__DATASET EXCERPT__.
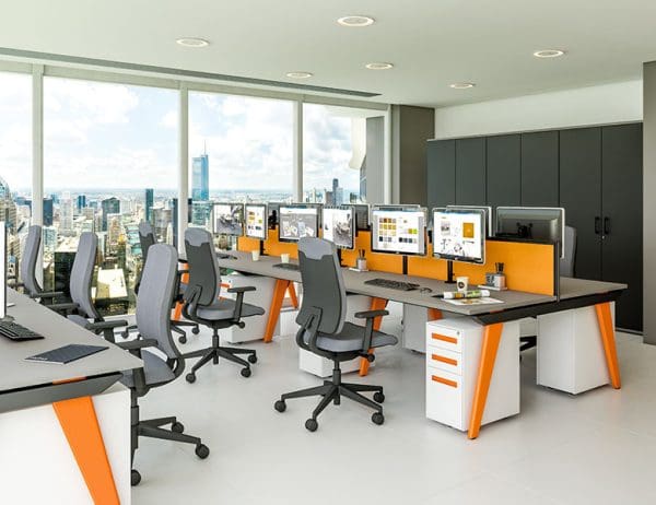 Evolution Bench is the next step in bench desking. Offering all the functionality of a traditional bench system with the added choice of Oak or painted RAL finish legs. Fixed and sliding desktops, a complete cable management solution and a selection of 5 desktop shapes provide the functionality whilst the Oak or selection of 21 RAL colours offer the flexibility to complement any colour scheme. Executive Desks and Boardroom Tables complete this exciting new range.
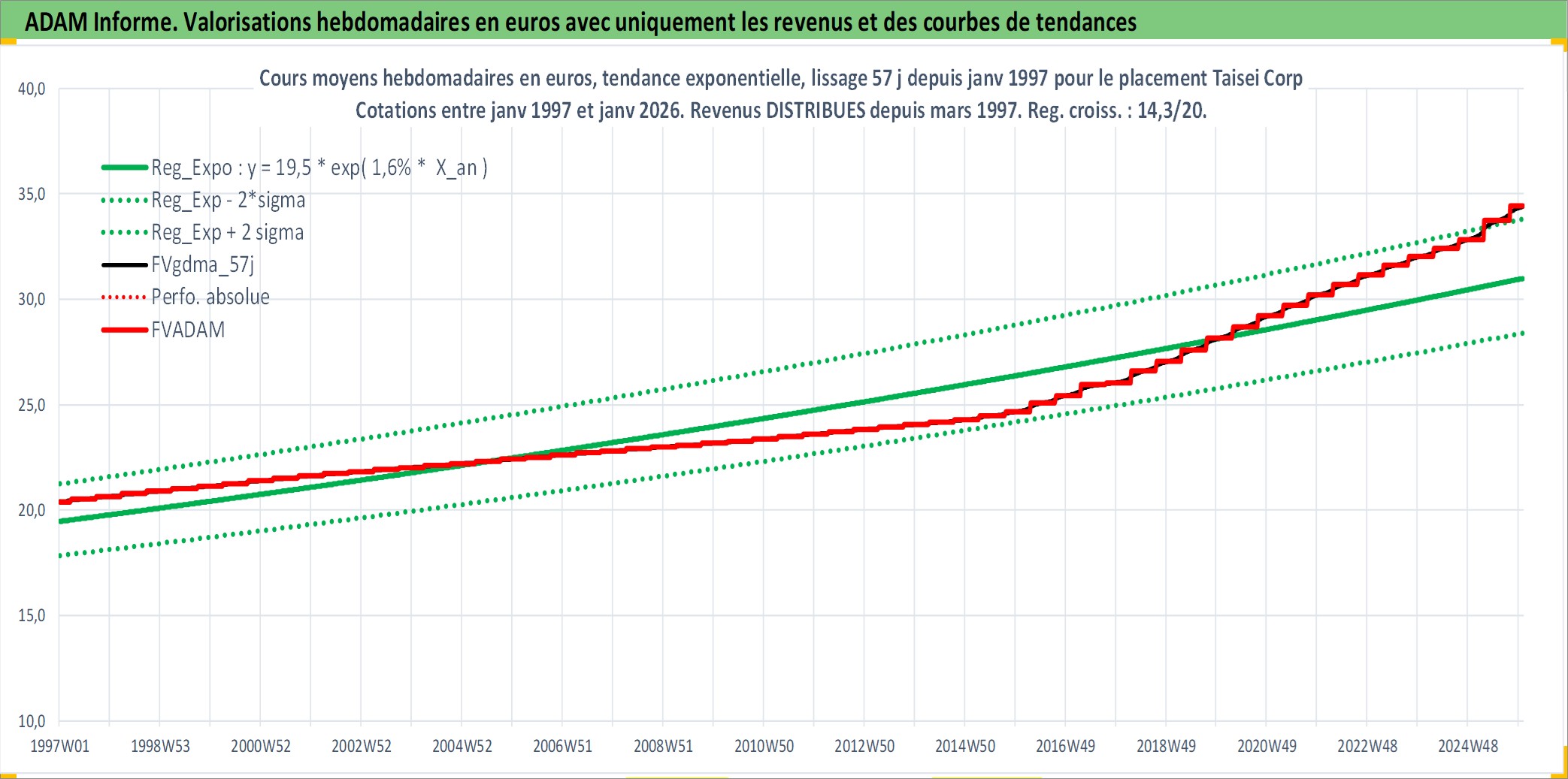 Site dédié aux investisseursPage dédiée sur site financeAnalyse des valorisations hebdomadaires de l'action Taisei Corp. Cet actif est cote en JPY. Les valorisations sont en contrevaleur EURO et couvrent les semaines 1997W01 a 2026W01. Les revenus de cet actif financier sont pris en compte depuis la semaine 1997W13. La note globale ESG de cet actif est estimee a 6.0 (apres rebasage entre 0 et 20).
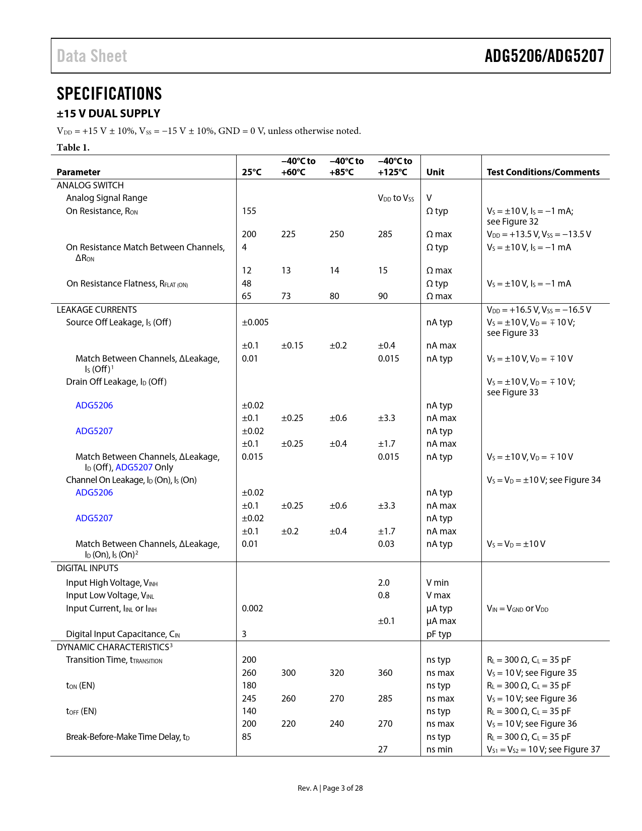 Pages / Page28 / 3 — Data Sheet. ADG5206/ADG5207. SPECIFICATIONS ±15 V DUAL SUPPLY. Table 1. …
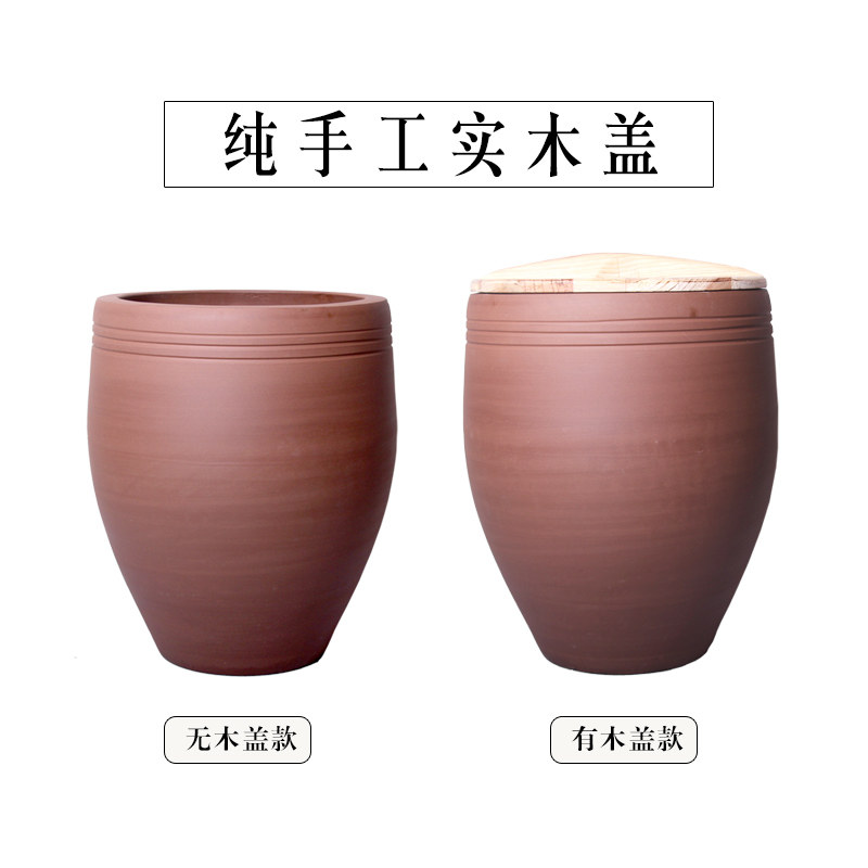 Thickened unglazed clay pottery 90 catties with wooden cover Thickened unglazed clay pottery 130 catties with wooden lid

__TASK TO COMPLETE__. Would you restate word for word only the lines from the one containing "Pages / Page28" to the final line of the material, both ends included, without any pictures?

__ANSWER TO THIS EXERCISE__.
 Pages / Page28 / 3 — Data Sheet. ADG5206/ADG5207. SPECIFICATIONS ±15 V DUAL SUPPLY. Table 1. …
 Thickened unglazed clay pottery 90 catties with wooden cover Thickened unglazed clay pottery 130 catties with wooden lid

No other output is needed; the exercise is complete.